Monday, March 10, 2014

"The Haunted Life," an early Jack Kerouac novella, is published 70 years later


                                                           The Haunted Life


The Allen Ginsberg Project reports that a long-lost Kerouac manuscript is being published in time for the author's birthday on March 12:




Published this past Tuesday in the UK by Penguin and this coming Thursday in the US by Da Capo Press, and edited by respected Beat scholar, Todd Tietchen - The Haunted Life - a previously-unpublished, only-recently rediscovered, short (19,ooo word) novella by Jack Kerouac, seventy years after it was written, finally gets to see the light of day.

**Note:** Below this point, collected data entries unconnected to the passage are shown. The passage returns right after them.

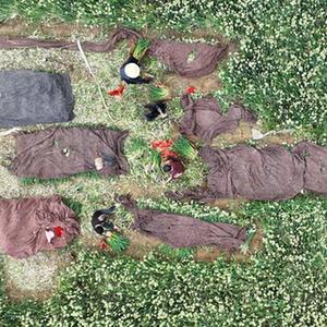 5月17日,河北省柏乡县西苏村农民在采收芦笋(无人机照片)。
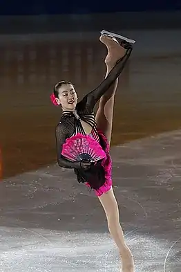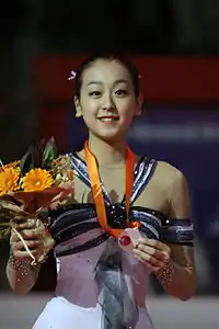 She is the former world record holder for the ladies' short program score, which she set at the 2014 World Championships and held until it was broken by Evgenia Medvedeva in 2016.[2] A former prodigy, Asada is the fifth woman and the first junior girl to land the triple Axel, accomplishing this at the 2004–05 Junior Grand Prix Final. She won her first Grand Prix Final at the age of 15. Considered by many to be the best figure skater in the world at that time, Asada was 87 days too young to compete at the 2006 Winter Olympics. She is the first figure skater in a singles discipline from Asia to win multiple world championships. At the 2013 Skate America, she became the first singles skater, male or female, to win all seven of the current events on the Grand Prix series.[3] She holds 15 Grand Prix series titles, the second-highest total among ladies and the sixth-highest total among skaters of all four disciplines.
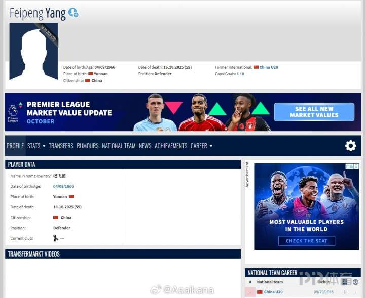杨力维、杨舒予的父亲,前男足国青队球员杨飞鹏去世,享年59岁
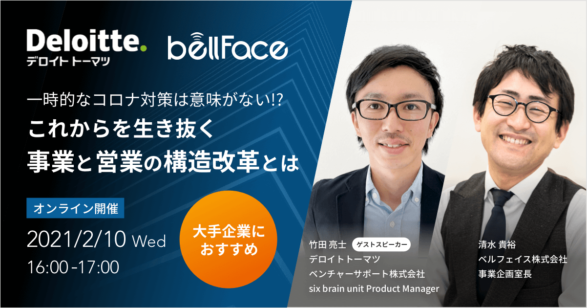 今回は、国内No.1のオンライン営業システム「bellFace」を提供するベルフェイス株式会社より、ゲストスピーカーとして、デロイト トーマツ ベンチャーサポート株式会社の竹田氏をお迎えし、これからを生き抜く「事業」と「営業」の構造改革というテーマで無料ウェビナーを開催いたします。

Written when he was only twenty-two and attending Columbia, lost almost immediately (Kerouac left his only hand-written final draft in a New York taxi-cab), re-surfacing thirteen years later in a Columbia University dormitory, and then in 2002 on the auction block at Sotheby's, post-The Town and the City, pre-On The Road, The Haunted Life has had an unsual (to say the least) progress to publication.

As Penguin publicity proudly declare it - "Now, 70 years after Kerouac wrote it, his second novel will be published for the first time..."

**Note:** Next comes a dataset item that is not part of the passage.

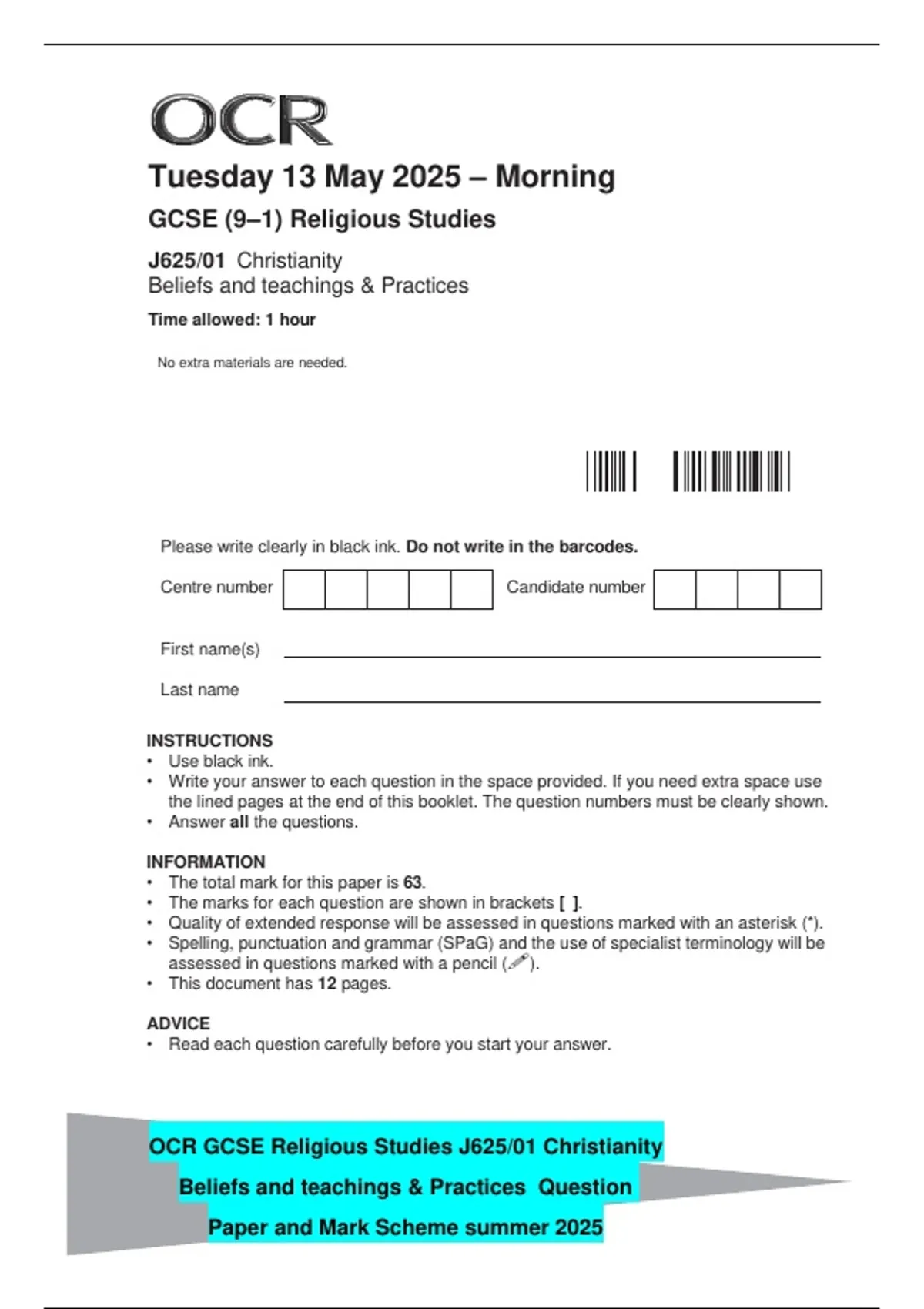 OCR GCSE Religious Studies J625/01 Christianity

The Haunted Life was originally conceived as part of a longer work (tentatively titled An American Passed Here, the coming-of-age story of  (Kerouac-surrogate) "Peter Martin" in the fictional town of "Galloway" (based, recognizeably, on Lowell).

The novella is rounded out, in this edition, by sketches, notes and observations kept during the time of its composition, and with a revealing selection of correspondence between Kerouac and his father, Leo.